Tuesday, 8 March 2005

miscellania

Things on my mind
  • I'm sick today. This means I can either: a)sleep; b)sloth about on the couch listening to 891; c)change this ugly blog template to something less hideous (I get sick of things quickly, which leads to my next point...)
  • I can't be arsed finishing my simmer sauce reviews. The idea was to write simmer sauce reviews but use the rhetorical structures of other types of reviews. That first one was obviously based on a car review. The butter chicken we had last week was going to be a theatre review, and the Latina Fresh pancetta and marinated deep-fried leek juice (or something) was going to be written like one of those travel shows doing a story about a hotel somewhere, which leads to my next point...
  • On Flyaway, or Runaway or whatever it was called, Catriona (check-out-my-amazing-cleavage) Rowntree did a story on the place where C & I stayed the night of our wedding. She was there, looking around and gushing over the couch (actually, they may have edited that bit out). But imagine that, having Channel nine's latest pin-up girl walking around in a bedroom where I once shagged! Which leads me to my next point...

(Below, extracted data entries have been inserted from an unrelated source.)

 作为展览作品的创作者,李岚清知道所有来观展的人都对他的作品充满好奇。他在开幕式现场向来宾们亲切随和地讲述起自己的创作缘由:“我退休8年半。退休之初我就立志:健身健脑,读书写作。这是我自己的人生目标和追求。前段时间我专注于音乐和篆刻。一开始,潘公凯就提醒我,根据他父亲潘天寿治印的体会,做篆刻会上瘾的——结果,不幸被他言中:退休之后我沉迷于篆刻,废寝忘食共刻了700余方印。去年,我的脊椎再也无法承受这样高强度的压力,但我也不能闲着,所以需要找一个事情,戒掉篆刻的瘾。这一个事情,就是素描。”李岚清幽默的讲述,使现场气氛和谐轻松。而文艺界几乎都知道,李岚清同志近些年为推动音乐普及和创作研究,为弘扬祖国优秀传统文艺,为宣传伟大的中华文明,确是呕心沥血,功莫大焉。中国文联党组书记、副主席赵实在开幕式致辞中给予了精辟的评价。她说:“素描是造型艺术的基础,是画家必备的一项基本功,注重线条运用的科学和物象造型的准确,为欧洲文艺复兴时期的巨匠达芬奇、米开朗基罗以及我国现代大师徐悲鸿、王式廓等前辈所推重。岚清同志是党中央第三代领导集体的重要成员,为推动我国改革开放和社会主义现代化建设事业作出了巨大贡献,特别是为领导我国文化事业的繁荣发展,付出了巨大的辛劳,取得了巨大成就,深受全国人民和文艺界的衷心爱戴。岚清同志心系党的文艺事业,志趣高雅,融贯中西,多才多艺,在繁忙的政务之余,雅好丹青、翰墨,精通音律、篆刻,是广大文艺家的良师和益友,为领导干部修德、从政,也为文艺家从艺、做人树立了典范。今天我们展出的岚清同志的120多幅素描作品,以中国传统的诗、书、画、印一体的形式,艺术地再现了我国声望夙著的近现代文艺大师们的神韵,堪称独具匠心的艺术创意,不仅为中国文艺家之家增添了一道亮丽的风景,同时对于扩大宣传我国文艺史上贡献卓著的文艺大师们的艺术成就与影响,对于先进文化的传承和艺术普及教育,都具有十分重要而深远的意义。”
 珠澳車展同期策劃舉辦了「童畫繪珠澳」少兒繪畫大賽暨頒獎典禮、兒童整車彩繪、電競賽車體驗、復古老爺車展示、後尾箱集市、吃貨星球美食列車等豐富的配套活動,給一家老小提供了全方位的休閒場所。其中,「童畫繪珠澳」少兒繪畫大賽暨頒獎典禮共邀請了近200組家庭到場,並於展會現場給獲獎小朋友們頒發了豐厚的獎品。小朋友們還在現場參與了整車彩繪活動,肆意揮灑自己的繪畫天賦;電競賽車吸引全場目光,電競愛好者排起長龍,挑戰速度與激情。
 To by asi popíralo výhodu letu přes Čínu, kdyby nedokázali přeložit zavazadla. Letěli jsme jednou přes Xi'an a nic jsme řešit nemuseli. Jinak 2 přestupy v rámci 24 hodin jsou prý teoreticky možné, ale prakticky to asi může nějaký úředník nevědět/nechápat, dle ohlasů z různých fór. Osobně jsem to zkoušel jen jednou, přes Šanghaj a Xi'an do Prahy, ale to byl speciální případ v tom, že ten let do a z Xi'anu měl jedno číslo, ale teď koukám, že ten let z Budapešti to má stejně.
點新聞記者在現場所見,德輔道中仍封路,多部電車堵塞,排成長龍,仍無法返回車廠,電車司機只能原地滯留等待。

  • and no, it's not about shagging. Was unfortunate enough to catch ACA the other night (Ch9, in case you were wondering) where they did a story on the Danish Royal couple. Not content using the ambush technique of interviewing for dodgy businessmen, people who take advantage of vulnerable (or stupid) people, or "neighbours from hell", they saw fit to pounce on the crown prince and princess as they were going up an escalator. I don't know who the interviewer was but he was using that same gooey smugness that Mike Munro had down pat, asking "Is it good to be home? Ohhhh." I just wonder if people like that actually know how unprofessional they're being, or whether they care at all
  • on a note related to something I typed a few minutes ago... I'm kind of bored with predictable ideas. You know how in a book, or a show, or anything with a story, there always has to be this construction of how the elements introduced early on in the piece come into play later on in the story. It's usually in an ironic way but it's just oh-so-clever, and ultimately boring and predictable. Which leads me to my next point...

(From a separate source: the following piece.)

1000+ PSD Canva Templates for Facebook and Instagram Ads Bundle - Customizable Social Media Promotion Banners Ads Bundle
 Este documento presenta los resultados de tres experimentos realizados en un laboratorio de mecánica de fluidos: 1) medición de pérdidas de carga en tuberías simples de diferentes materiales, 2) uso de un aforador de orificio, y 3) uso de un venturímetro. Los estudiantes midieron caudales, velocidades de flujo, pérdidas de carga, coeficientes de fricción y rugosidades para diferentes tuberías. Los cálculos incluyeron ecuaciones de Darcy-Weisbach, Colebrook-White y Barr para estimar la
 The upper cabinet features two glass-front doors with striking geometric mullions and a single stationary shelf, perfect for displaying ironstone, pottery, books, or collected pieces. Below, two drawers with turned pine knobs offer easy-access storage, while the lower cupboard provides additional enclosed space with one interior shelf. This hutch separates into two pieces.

  • I'm currently reading Chekhov: The Comic Stories, which is a collection of 50 short stories by a guy called Anton. What I like about it is that a lot of them are not stories in the classic-narrative sense of the word we've all become accustomed to. Some of them are just vignettes of a few moments between characters and others are character studies written in the first person. The humour is often dark but even in the 'story' stories, there's usually a twist that you never see coming. It's nice to read a story (even a short one) where you know something funny is going to happen but never really knowing what it's going to be.
  • Ah... paracetamol with pseudoephedrine. My hero.
And I seem to be mostly doing a, and am currently leaning towards b as the preferred option.